Turing (4.1/5) is worth a look if you need hiring remote ML contractors across several time zones. If your situation matches that, Turing is a competitive option.
Related comparisons
Azumo vs Turing FAQ
Is Azumo better than Turing?
Azumo (4.5/5) scores higher overall, but "better" depends on your use case. Azumo's strongest advantage: hiring pattern shows real investment in LLM and agent engineering, beyond generic web developers. Turing's strongest advantage: engineers who have worked on LLM training and evaluation projects.
How do Azumo and Turing differ in pricing?
Azumo uses monthly per engineer; dedicated team; project-based; rates on request pricing. Turing uses hourly or monthly contracts; rates on request pricing. Neither firm publishes a full rate card; a discovery call is required for project-specific quotes.

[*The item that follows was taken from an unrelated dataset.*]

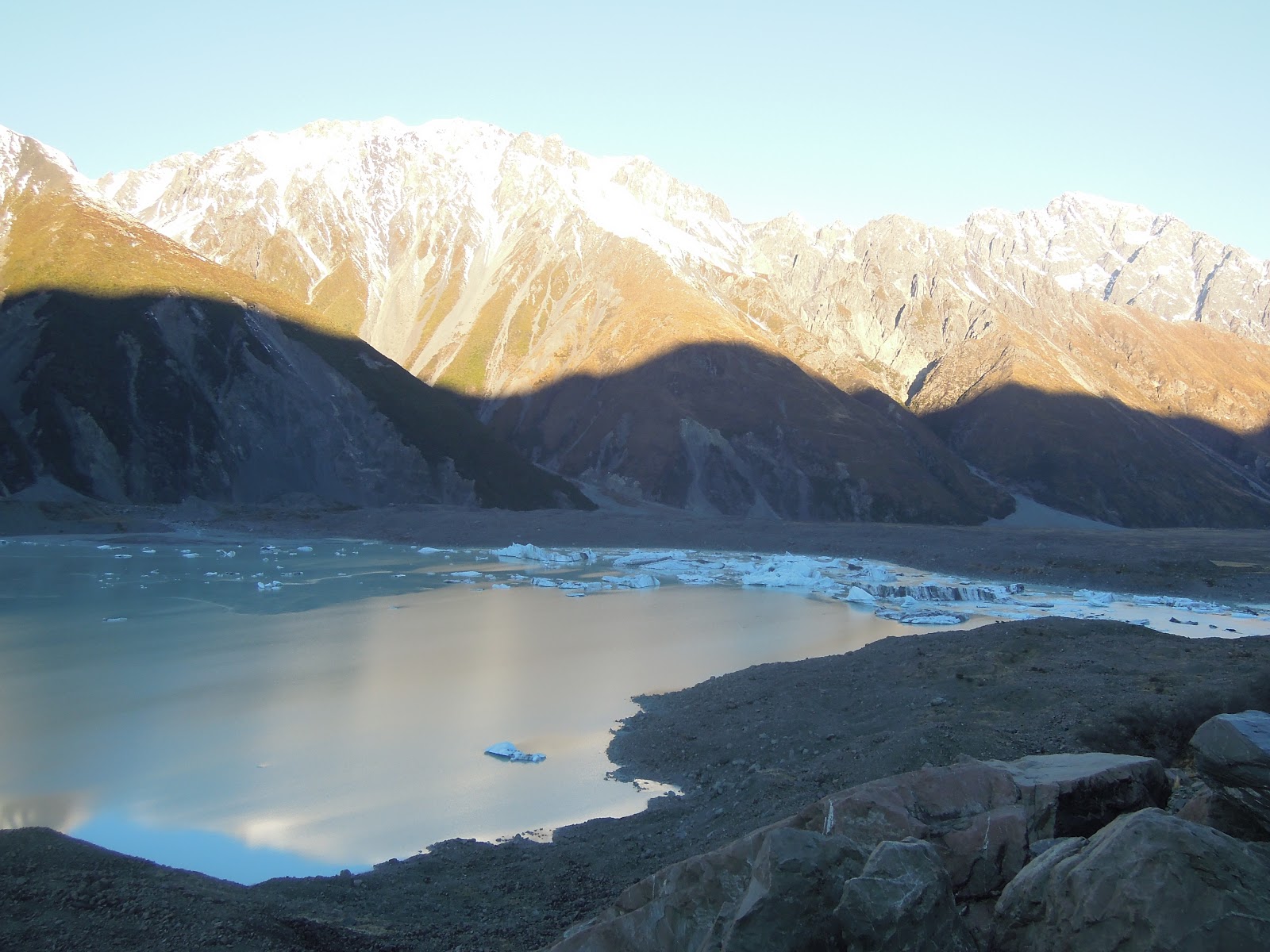 冰河湖被群山環繞,左前方就是庫克山,湖水是綠色的,不過照片中看不清楚。

Which is better for enterprise: Azumo or Turing?
Azumo is the larger team and typically the better enterprise-scale choice. For very large programmes, verify team size and compliance coverage directly with each agency before shortlisting.
What are the main differences between Azumo and Turing?
Azumo's primary differentiator is: nearshore staffing with a hiring focus on GenAI and agent roles. Turing's primary differentiator is: talent cloud tied to frontier-lab LLM training work. They also differ in team size (100–249 vs 500+ staff; global contractor network), minimum engagement (Not disclosed vs Not disclosed), and primary industries served (SaaS, Fintech vs SaaS, Fintech).
Verify all details directly with each agency before making a decision.